Richard Schwartz: Richard Schwartz. I’m an associate professor of psychiatry at Harvard Medical School.
Laine Perfas: He studies marriage with his wife, Jacqueline Olds, who is also a psychiatrist at the Medical School. They’ve written about both marriage and loneliness. And finally:
Eve Rodsky: Eve Rodsky. I’m the New York Times bestselling author of “Fair Play.”
Laine Perfas: She’s also a graduate of Harvard Law School, class of 2002. And I’m your host, Samantha Laine Perfas. I’m a writer for The Harvard Gazette. Today, we’re going to talk about marriage and whether the challenges are worth the benefits.
Historically, what role did marriage play in society?
Spar: Well, it’s always very harsh to say this, but marriage as we know it actually emerged as a real estate transaction. If you go way back in time, our early ancestors didn’t marry at all. They lived in tribes and children were sort of raised communally, and it was only with the advent of the agricultural society that marriage became necessary. It was a way of ensuring that property was maintained between generations. It was a way, way before DNA testing, for men to know who their children were, which became important once you invested in property and farming and land. And so marriage emerged as a way of creating these family bonds that would enable property to be maintained and society to be stabilized. And I always hate to say this because I feel like the rat at the party, but if you go to most marriage ceremonies, even today, across religions, you can hear the echoes of the real estate transaction: that the father gives the daughter away, promising that she will remain faithful to one other human being for the rest of her life as long as they both shall live — which as my students are fond of reminding, me is a very long-term contract — and with the promise that they will be fruitful and multiply, which we now hear as romantic.

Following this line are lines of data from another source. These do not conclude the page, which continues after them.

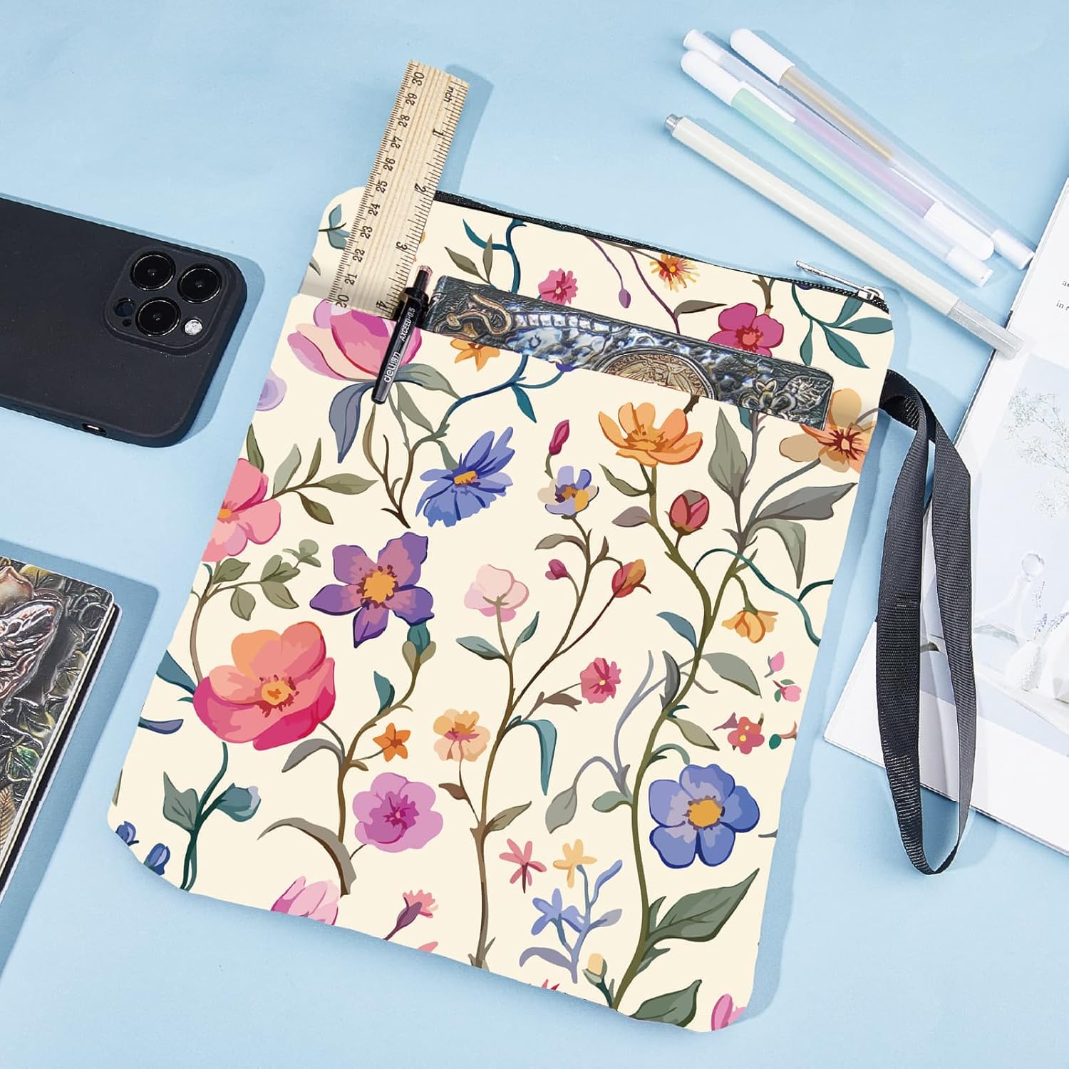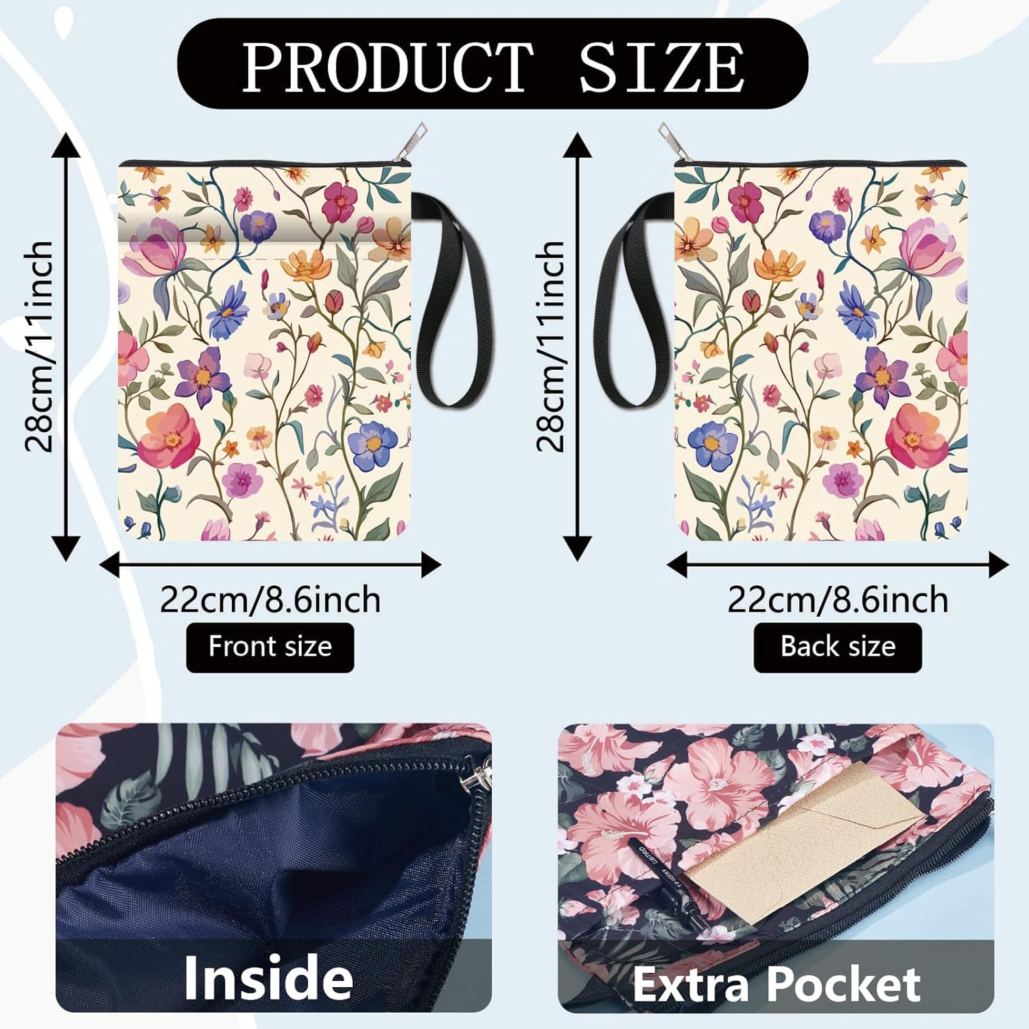 MANICA DEL LIBRO A FIORI:la copertina del libro ha un modello elegante e innovativo, che protegge il tuo libro dalla polvere o dalle pagine strappate e piegate, ed è anche un regalo perfetto per gli amanti dei libri. DIMENSIONE:copertina del libro larga circa 8.66 pollice (22cm )., 11.02 pollice (28cm ) di lunghezza. Si adatta alla maggior parte dei libri autopubblicati, tascabili standard, tascabili di massa, e copertine rigide regolari. Assicurati di misurare il tuo articolo prima dell'acquisto per assicurarti che funzioni per te. TESSUTO LAVABILE:Realizzato in tessuto lavabile, la fodera nera è resistente allo sporco e presenta una chiusura con cerniera liscia di alta qualità per una maggiore protezione. Sottile e leggero, non ingombra il tuo libro, può facilmente scivolare nella tua valigetta, zaino o altra borsa. TASCA EXTRA SULLA MANICA:questa copertina del libro non può contenere solo libri, la tasca extra sulla manica può contenere anche penne, occhiali, segnalibri, bloc notes, cuffie e altri accessori, pratico e bello in uno. AMPIO UTILIZZO:queste custodie per libri possono essere utilizzate per proteggere i libri, libri di testo o quaderni ed è adatto agli studenti, insegnanti, scrittori, studiosi, librerie o chiunque ami i libri o voglia distinguerli facilmente.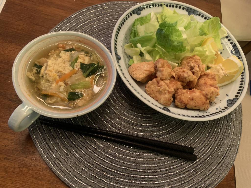 晩飯は奥さんの手作り唐揚げ。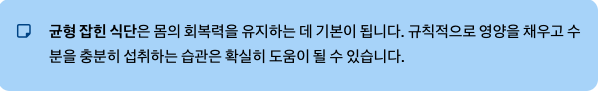 또한 가볍게라도 꾸준히 움직이는 것이 도움이 될 수 있습니다. 걷기, 가벼운 스트레칭처럼 몸을 부드럽게 깨우는 활동을 하루 중 잠시라도 넣으면 전반적인 체력 회복 속도가 달라질 수 있습니다. 물을 충분히 마시고, 식사는 규칙적으로 챙기며, 너무 늦은 시간의 간식을 피하는 것도 기본이지만 효과적입니다.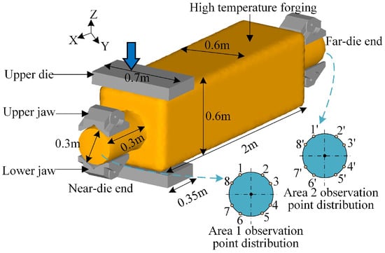 Finite Element Model of Bilateral Forging and Distribution of Observation Points.
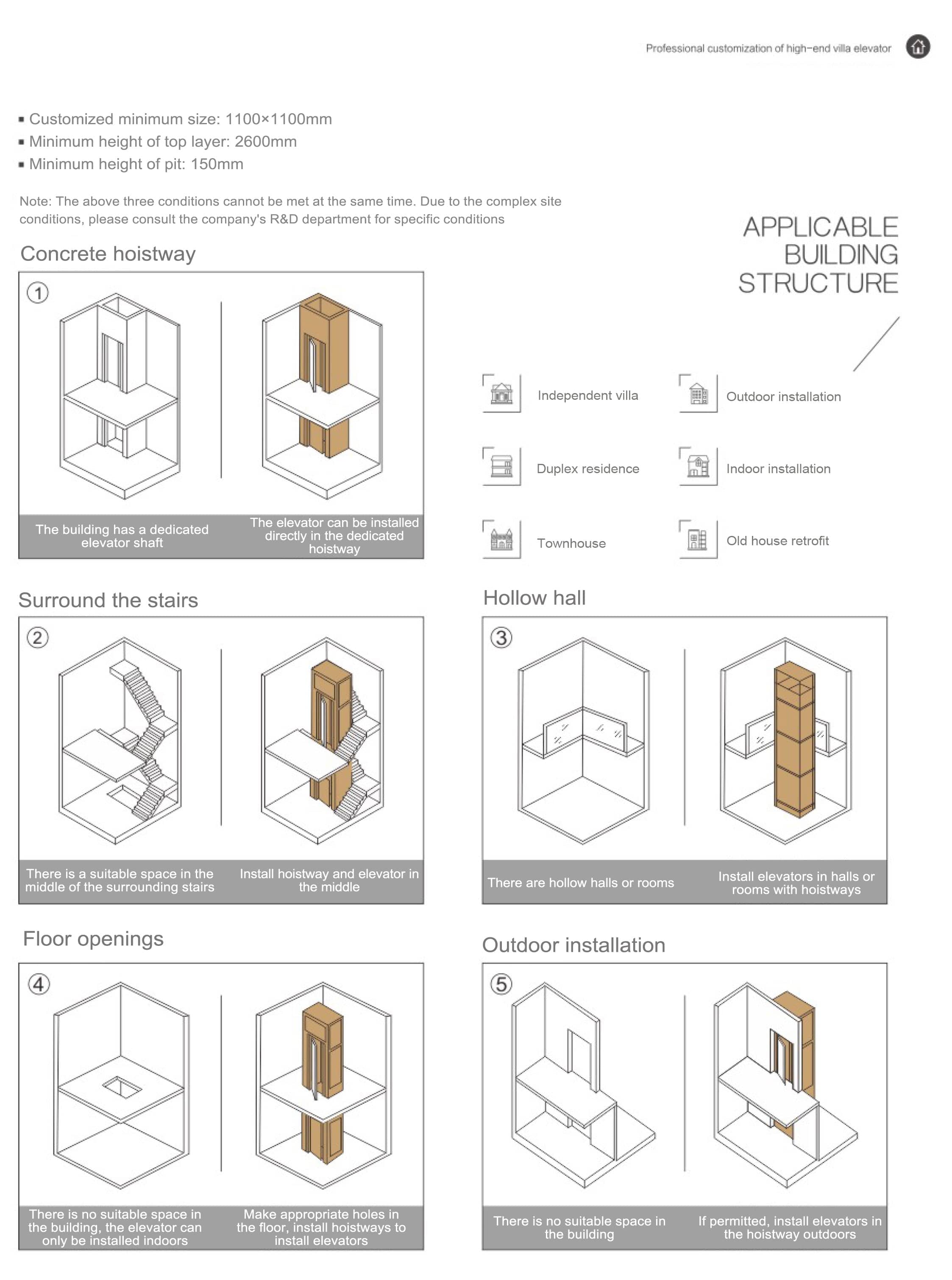 Consilia Europaea incorporantes et notas architecturae villarum domesticarum coniungentes, innovationem technologicam actuose promovemus, et ministerium dux sumimus ut productos elevatores summus qualitas efficiat.
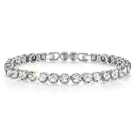 GONA CRYSTAL Birthstone Tennis Bracelet for Women – 14K Gold Plated Adjustable 6-7.5 Inch with Genuine Swarovski® Crystals, Hypoallergenic Handmade Jewelry Gift for Birthday, Wedding, Anniversary and Christmas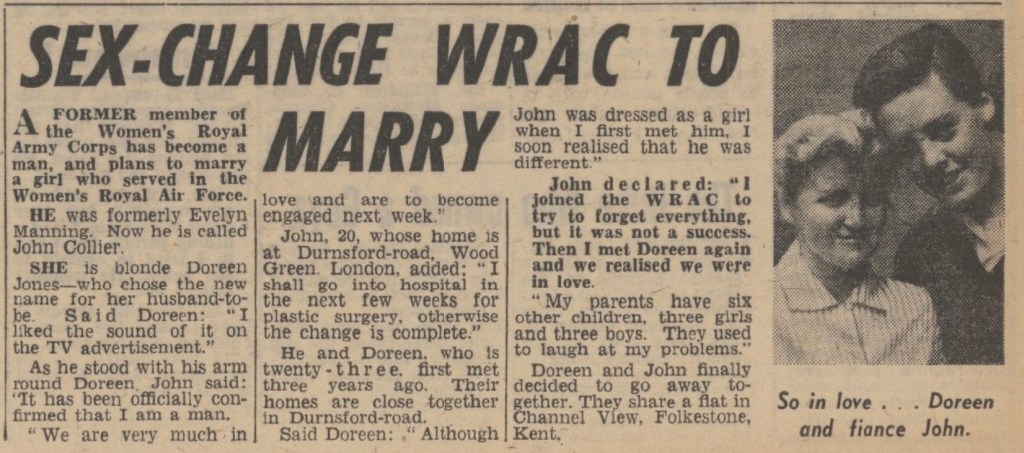 Mrs Rosina Lewis, the blonde wife of the licencee of The Bull at Hornchurch, Essex, has a broomstick hung on the wall in the saloon bar. She claims that the broomstick helps to cure customers’ hangovers through witchcraft. “My great-grandmother was a witch in Essex,” she said. “And she passed many of her secrets on to me.”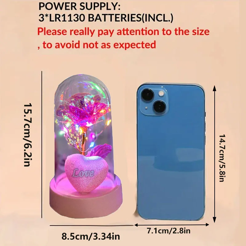 • Romantic LED rose under a clear plastic cover that softly glows to create a cozy, dreamy atmosphere in any room.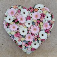 Photo non contractuelle | 🌸Cœur Fleuri « Tendresse Infinie » Ce cœur floral, composé de germinis roses et blancs, de roses pastel et de petites fleurs, symbolise l'amour éternel, la pureté des souvenirs et la tendresse des liens partagés.

But back then, being fruitful and multiplying was the way of creating labor, which was, along with land, the most valuable commodity. So, sorry to be anti-romantic, but marriage really has a history as an economic transaction.

Rodsky: Up until the third wave of feminism, marriage was assumed to be a man and a woman, and that man would protect and provide for that woman in exchange for that woman doing all of the unpaid labor to allow him to do that. But then as we rose in the third wave of feminism, where we were told that women were getting all of these gains in the workplace — so I’d say up until today, the way I look at marriage is, well, that social contract needs to be completely rewritten. Because the fourth wave of feminism is not about getting women gains in the workplace; it’s about having men make gains in the home. Otherwise, that social contract to me is completely dead. We’re sort of a downer, Debora and me.
Schwartz: I don’t know if this is cheering things up anymore, but I just add that Debora is describing how marriage begins as basically a land and property arrangement. You extend it, and it becomes a division of labor for the sake of the family-unit arrangement, and those are the primary roles it plays. It seems to me that it has also traditionally played two more roles. One is essentially to corral sexual activity into a defined space where it doesn’t interfere with and get in the way of other kinds of relationships that are important for the functioning of the community. And the other thing that it does, of course, is to stabilize raising children. And I think that was an equally important role that it has played.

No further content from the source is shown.